(Stored dataset items)
((

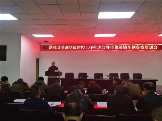 四川新闻网眉山11月28日讯 为坚决打赢非洲猪瘟防控战,有效防控非洲猪瘟疫情传播,11月22日,洪雅县农牧局召开了全县非洲猪瘟防控工作推进会暨生猪运输车辆备案培训会。全县15个乡镇政府分管领导、15个乡镇畜牧站站长、8个生猪屠宰企业共计50余人参加会议。
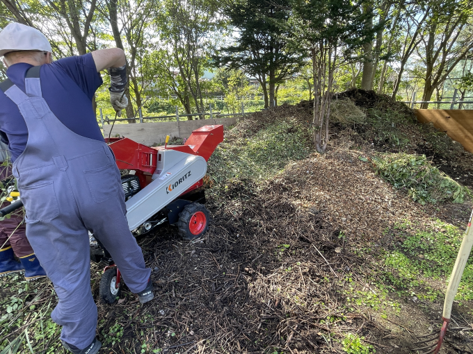 日々花摘みや枝の剪定を行っており、発生する花弁や枝をたい肥化することで再利用しています。
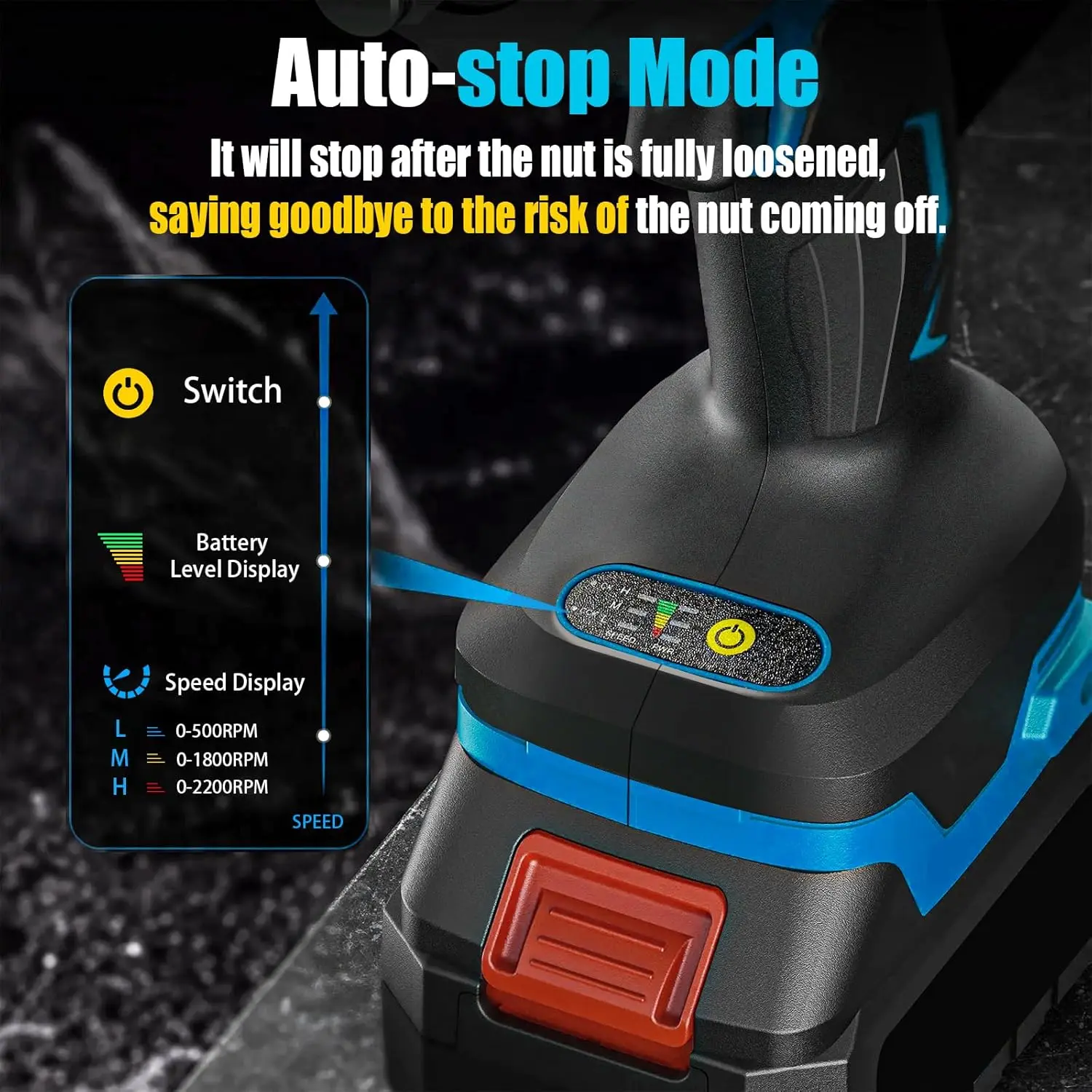 [Ergonomic Comfort Grip]:The cordless electric wrench adopts advanced ergonomic design, and the shape of the grip fits the curve of the hand. It is made of high-quality, soft and non-slip rubber material, which feels comfortable. You can hold it firmly even if your hands are sweating. The ergonomic comfort grip of this electric wrench truly achieves the perfect combination of comfort and practicality.
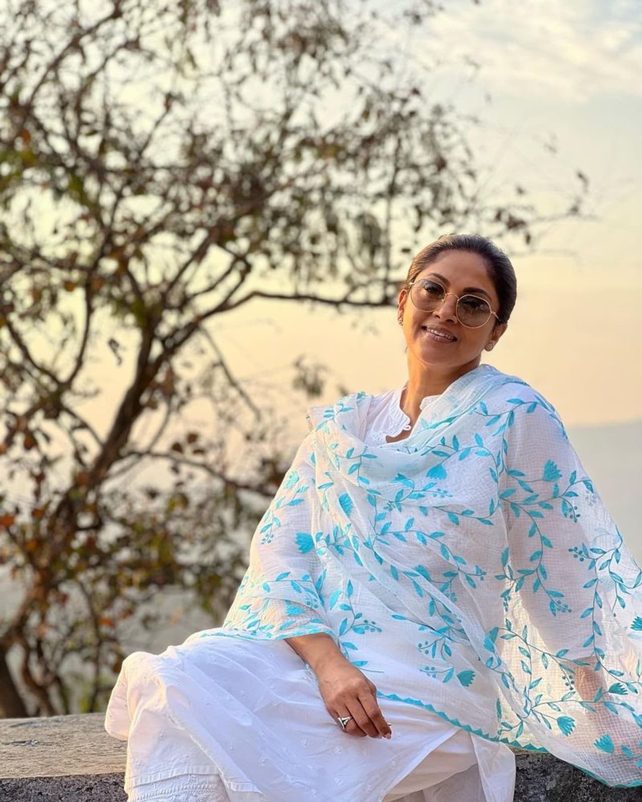 நடிகை நதியா வெள்ளை நிற சல்வாரில்... சன் செட் முன்பு எடுத்து கொண்ட புகைப்படங்கள் சிலவற்றை தன்னுடைய இன்ஸ்டாகிராம் பக்கத்தில் வெளியிட வைரலாக பார்க்கப்பட்டு லைக்குகளை குவித்து வருகிறது.
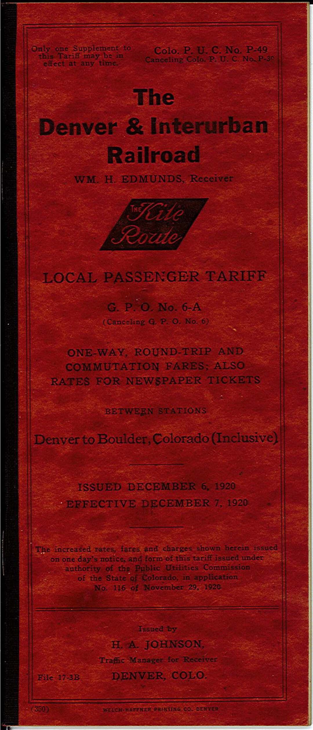 This is a Denver & Interurban Railroad local passenger tariff no.6-A listing "one way, round trip and commutation fares; also rates for newspaper tickets." Trips were from Denver to Boulder along the Kite Route. It was used by station agents or conductors to sell tickets at the correct price.
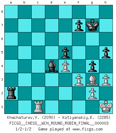 Last move : 1/2-1/2 2008 October 12 2:35:34 [Event "FICGS__CHESS__WCH_ROUND_ROBIN_FINAL__000003"] [Site "FICGS"] [Date "2008.08.22"] [Round "1"] [White "Khachaturov,Vadim"] [Black "Kotlyanskiy,Edward"] [Result "1/2-1/2"] [WhiteElo "2090"] [BlackElo "2285"] 1.d4 d5 2.c4 c6 3.Nf3 Nf6 4.e3 e6 5.Bd3 Nbd7 6.O-O dxc4 7.Bxc4 Bd6 8.Nc3 O-O 9.e4 e5 10.Bg5 Qe7 11.Re1 Rd8 12.d5 Nb6 13.Bb3 h6 14.Bh4 Bg4 15.h3 Bh5 16.Qe2 a5 17.Qe3 Nbd7 18.dxc6 bxc6 19.Na4 g5 20.Bg3 Nc5 21.Nxc5 Bxc5 22.Qc3 Bxf3 23.Qxf3 Bd4 24.Rab1 a4 25.Bc4 Ne8 26.b4 axb3 27.Bxb3 Qf6 28.Qe2 Nd6 29.Rbc1 c5 30.Kh1 Rdc8 31.Rc2 Kg7 32.Bd5 Ra5 33.Qd2 Ra4 34.Rec1 c4 35.f3 h5 36.Qe2 Ra3 37.Bxc4 Nxc4 38.Rxc4 Rxc4 39.Qxc4 g4 40.Qc6 Qe7 41.Qc7 Qxc7 42.Rxc7 Rxa2 43.Rc1 1/2-1/2 QGD Slav : 4.e3 Kingside Castling by player White (move 6) Kingside Castling by player Black (move 8) This chess game ended in a draw. Follow this game move after move (download)Chess is no whit inferior to the violin, and we have a large number of professional violinists. (Mikhail Botvinnik) Gewöhnliche Menschen denken nur daran, wie sie ihre Zeit verbringen. Ein intelligenter Mensch versucht, sie auszunutzen. (Arthur Schopenhauer) En un gambito tu regalas un Peón por el bién de tomar un juego perdido. (Samuel Standige Boden) Celui qui prend des risques peut perdre, celui qui n'en prend pas perd toujours. (Xavier Tartacover) There are three kinds of lies: lies, damned lies and statistics. (Mark Twain)
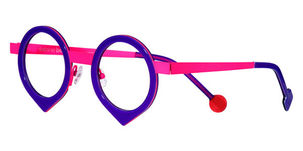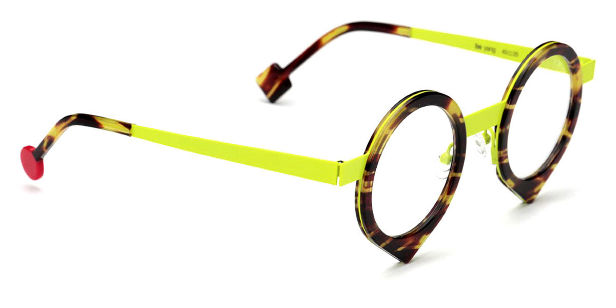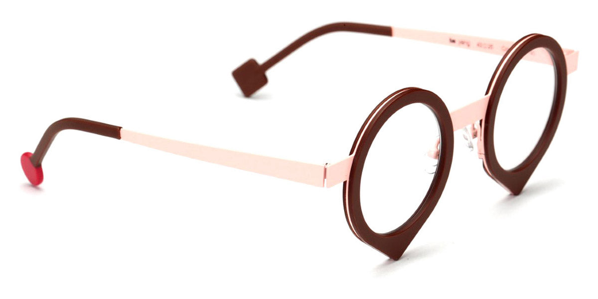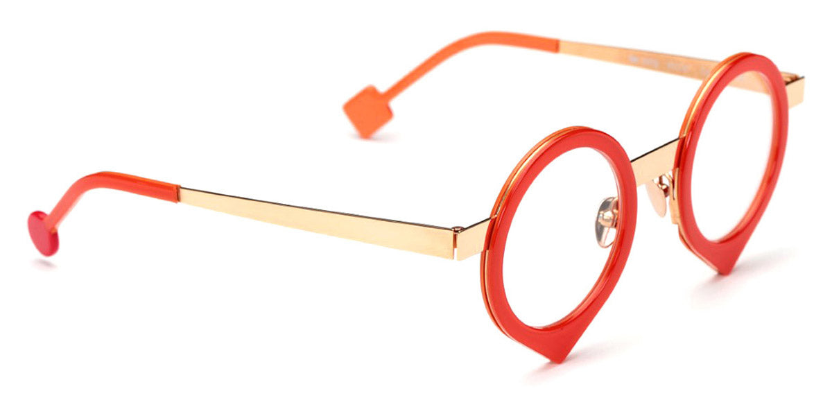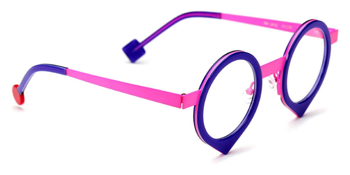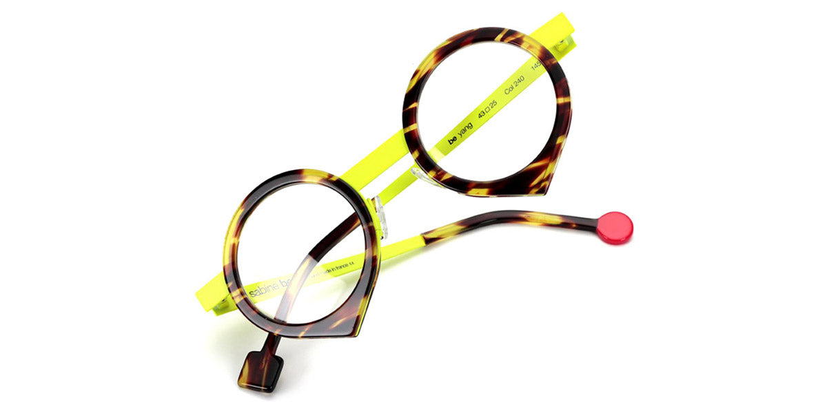 Be Yang Eyeglasses by Sabine Be. Color: Matte Brown / Satin Salmon, Shiny Baby Pink / Satin Neon Green, Shiny Dark Choco / Satin Purple, Shiny Nude / Satin Neon Orange, Shiny Orange / Polished Rose Gold, Shiny Purple / Satin Neon Pink, Shiny Red / Satin Red, Shiny Tokyo Tortoise / Satin Blue Klein, Shiny Veined Tortoise / Satin Neon Yellow, Shiny Vintage Tortoise / Satin Shiny Navy Blue, Size: 43-25-145. Handmade in France from high-quality acetate and metal, the Be Yang eyeglasses from Sabine Be provide comfort, durability, and timeless beauty - making them ideal for anyone who wants to add sophistication to their look without sacrificing practicality. The atypical round silhouette with southern tips creates a unique look that won't be neglected.

))

**Exercise prompt**
Without the pictures, restate each entry exactly.

**Answer section**
 四川新闻网眉山11月28日讯 为坚决打赢非洲猪瘟防控战,有效防控非洲猪瘟疫情传播,11月22日,洪雅县农牧局召开了全县非洲猪瘟防控工作推进会暨生猪运输车辆备案培训会。全县15个乡镇政府分管领导、15个乡镇畜牧站站长、8个生猪屠宰企业共计50余人参加会议。
 日々花摘みや枝の剪定を行っており、発生する花弁や枝をたい肥化することで再利用しています。
 [Ergonomic Comfort Grip]:The cordless electric wrench adopts advanced ergonomic design, and the shape of the grip fits the curve of the hand. It is made of high-quality, soft and non-slip rubber material, which feels comfortable. You can hold it firmly even if your hands are sweating. The ergonomic comfort grip of this electric wrench truly achieves the perfect combination of comfort and practicality.
 நடிகை நதியா வெள்ளை நிற சல்வாரில்... சன் செட் முன்பு எடுத்து கொண்ட புகைப்படங்கள் சிலவற்றை தன்னுடைய இன்ஸ்டாகிராம் பக்கத்தில் வெளியிட வைரலாக பார்க்கப்பட்டு லைக்குகளை குவித்து வருகிறது.
 This is a Denver & Interurban Railroad local passenger tariff no.6-A listing "one way, round trip and commutation fares; also rates for newspaper tickets." Trips were from Denver to Boulder along the Kite Route. It was used by station agents or conductors to sell tickets at the correct price.
 Last move : 1/2-1/2 2008 October 12 2:35:34 [Event "FICGS__CHESS__WCH_ROUND_ROBIN_FINAL__000003"] [Site "FICGS"] [Date "2008.08.22"] [Round "1"] [White "Khachaturov,Vadim"] [Black "Kotlyanskiy,Edward"] [Result "1/2-1/2"] [WhiteElo "2090"] [BlackElo "2285"] 1.d4 d5 2.c4 c6 3.Nf3 Nf6 4.e3 e6 5.Bd3 Nbd7 6.O-O dxc4 7.Bxc4 Bd6 8.Nc3 O-O 9.e4 e5 10.Bg5 Qe7 11.Re1 Rd8 12.d5 Nb6 13.Bb3 h6 14.Bh4 Bg4 15.h3 Bh5 16.Qe2 a5 17.Qe3 Nbd7 18.dxc6 bxc6 19.Na4 g5 20.Bg3 Nc5 21.Nxc5 Bxc5 22.Qc3 Bxf3 23.Qxf3 Bd4 24.Rab1 a4 25.Bc4 Ne8 26.b4 axb3 27.Bxb3 Qf6 28.Qe2 Nd6 29.Rbc1 c5 30.Kh1 Rdc8 31.Rc2 Kg7 32.Bd5 Ra5 33.Qd2 Ra4 34.Rec1 c4 35.f3 h5 36.Qe2 Ra3 37.Bxc4 Nxc4 38.Rxc4 Rxc4 39.Qxc4 g4 40.Qc6 Qe7 41.Qc7 Qxc7 42.Rxc7 Rxa2 43.Rc1 1/2-1/2 QGD Slav : 4.e3 Kingside Castling by player White (move 6) Kingside Castling by player Black (move 8) This chess game ended in a draw. Follow this game move after move (download)Chess is no whit inferior to the violin, and we have a large number of professional violinists. (Mikhail Botvinnik) Gewöhnliche Menschen denken nur daran, wie sie ihre Zeit verbringen. Ein intelligenter Mensch versucht, sie auszunutzen. (Arthur Schopenhauer) En un gambito tu regalas un Peón por el bién de tomar un juego perdido. (Samuel Standige Boden) Celui qui prend des risques peut perdre, celui qui n'en prend pas perd toujours. (Xavier Tartacover) There are three kinds of lies: lies, damned lies and statistics. (Mark Twain)
 Be Yang Eyeglasses by Sabine Be. Color: Matte Brown / Satin Salmon, Shiny Baby Pink / Satin Neon Green, Shiny Dark Choco / Satin Purple, Shiny Nude / Satin Neon Orange, Shiny Orange / Polished Rose Gold, Shiny Purple / Satin Neon Pink, Shiny Red / Satin Red, Shiny Tokyo Tortoise / Satin Blue Klein, Shiny Veined Tortoise / Satin Neon Yellow, Shiny Vintage Tortoise / Satin Shiny Navy Blue, Size: 43-25-145. Handmade in France from high-quality acetate and metal, the Be Yang eyeglasses from Sabine Be provide comfort, durability, and timeless beauty - making them ideal for anyone who wants to add sophistication to their look without sacrificing practicality. The atypical round silhouette with southern tips creates a unique look that won't be neglected.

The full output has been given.